Posted by Mr. Z on 23 Jul 08 11:31 AM EDT
"give people...another chance." Josh wasn't given another chance, he was given 8 chances. Rather than thinking in terms of chances, we could be thinking what will work for this individual situation. If some one has cancer and the first treatment doesn't work, do we say we will give you another chance, or maybe a 3rd chance. If you have valuable skills for society, will we give you a 4th or 5th chance? This still wasn't enough for Josh. Like cancer, we can kept trying different treatments until something works. They still have the disease, but it is under control. If we think of chances we can get into endless debate of how many chances some one should get. Are little chances the same as big chances? Is giving some one another chance for being late to treatment the same as another chance for relapsing on alcohol, and is that the same as another chance for some one in a full blown active use lifestyle? I think it would be benifical if the idea of chances be abandoned, and we focus on what is a resonable way of dealing with this personal and social problem. With our present state of knowledge, I would think that one of the alternatives would also have to be confinement.

Posted by John from Oceanside on 23 Jul 08 12:22 PM EDT
Shame on Drug Policy Alliance using Josh Hamilton and his success to futher their propaganda. In California their new prop five will distroy Drug Courts most effective tool, the ability to flash incarcerate. The State of California had passed a funding bill that would have made Prop 36 more effective by including flash incarceration which treatment professionals wanted. But the Drug Policy Alliance went to court and got an injunction to block the funding from going through. Then they came up with Prop 5 which has no accountability, the individual does not have to show up for treatment and buried in the middle of the prop it pretty much legalizes posession of marijuana. Please on the surface Drug Poilicy Alliance stuff looks good until you take a good look then you find out what it really is no accountability and drug legalization.
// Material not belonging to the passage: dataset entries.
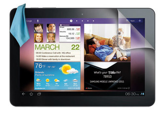 3 adhesive transparent sheets. Protection against scratches. 100% clear transparent material. Anti-static and washable surface. Including cleaning cloth and card for applying. For Galaxy Tab 10.1.
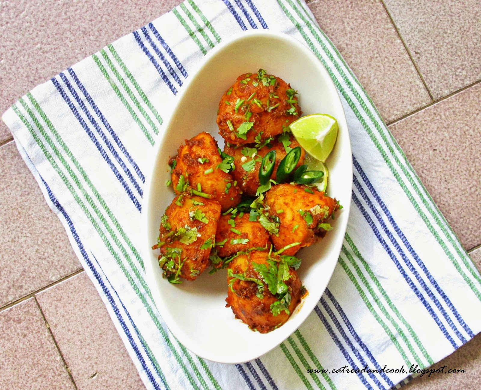 Thinking about my own school days, I cooked this dry dum aloo, which my grandmother was famous for. Mine was not sooo great like her, but those good old days came back for some time when I ate them. These dry dum aloo goes excellent with luchi / puri. This is the only combination I can think of with it. It also is a great appetizer, as I can eat them alone too. They are spicy, chili and real tasty. There is a station called Baleswar, on the way to Cuttuck and the vendors there sell exactly the same dum aloos. Trust me... these are great. Try to use baby potatoes. I could not find baby potatoes so I have used ordinary potatoes here.
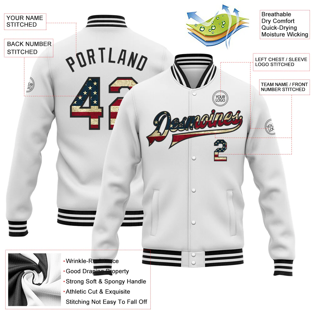 Custom White Vintage USA Flag-Black Bomber Full-Snap Varsity Letterman Jacket
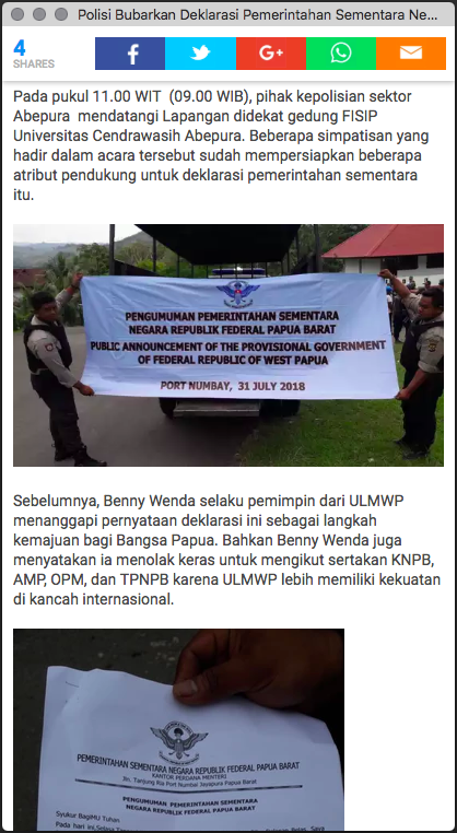 - https://www.kaskus.co.id/thread/5b601068dad770e7798b4570/polisi-bubarkan-deklarasi-pemerintahan-sementara-negara-republik-federal-papua-barat/
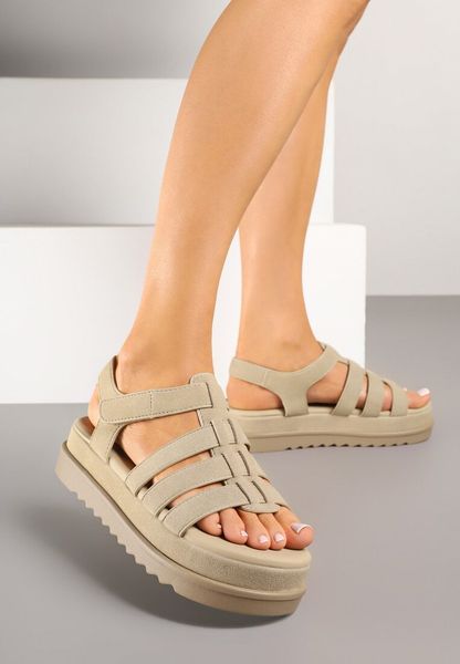 Ciemnobeżowe Sandały w Stylu Gladiatorek na Rzep Sorenevia
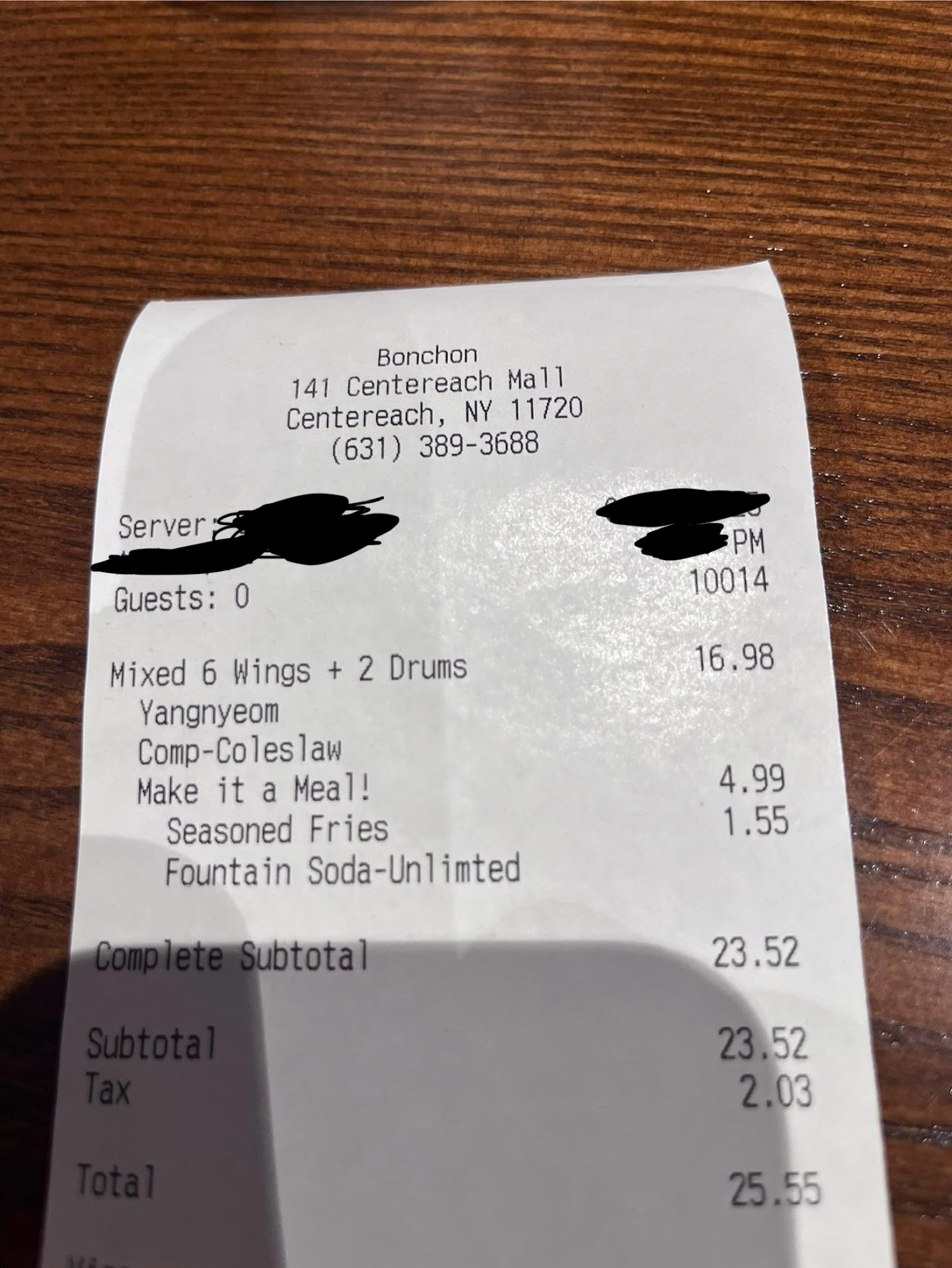 Will definitely give Bonchon Centereach more chances and will recommend to others, but that they’ll need to be patient.
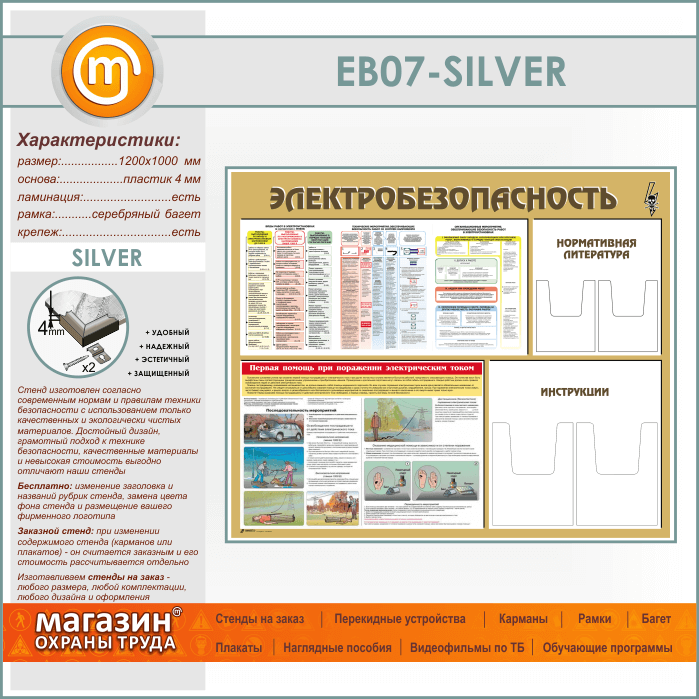 Стенд «Электробезопасность» с 4 объемными карманами (EB-07-SILVER) в Волгограде купить

Posted by Slugger Lou on 23 Jul 08 05:43 PM EDT
Josh is a Slugger, all right. In more ways than one. SLUGS.....not drugs, is the answer.

Posted by Jeffrey C Smith on 28 Jul 08 10:56 AM EDT
The event that caused Josh Hamilton to seek treatment, was his suspension from Baseball caused by a positive drug test. So the author's opposition to drug testing is non-sensical and contradictory. Were it not for drug testing there would be no detection of Hamilton's crack use, and detection had to come before the subsequent suspension and treatment that turned out so positively.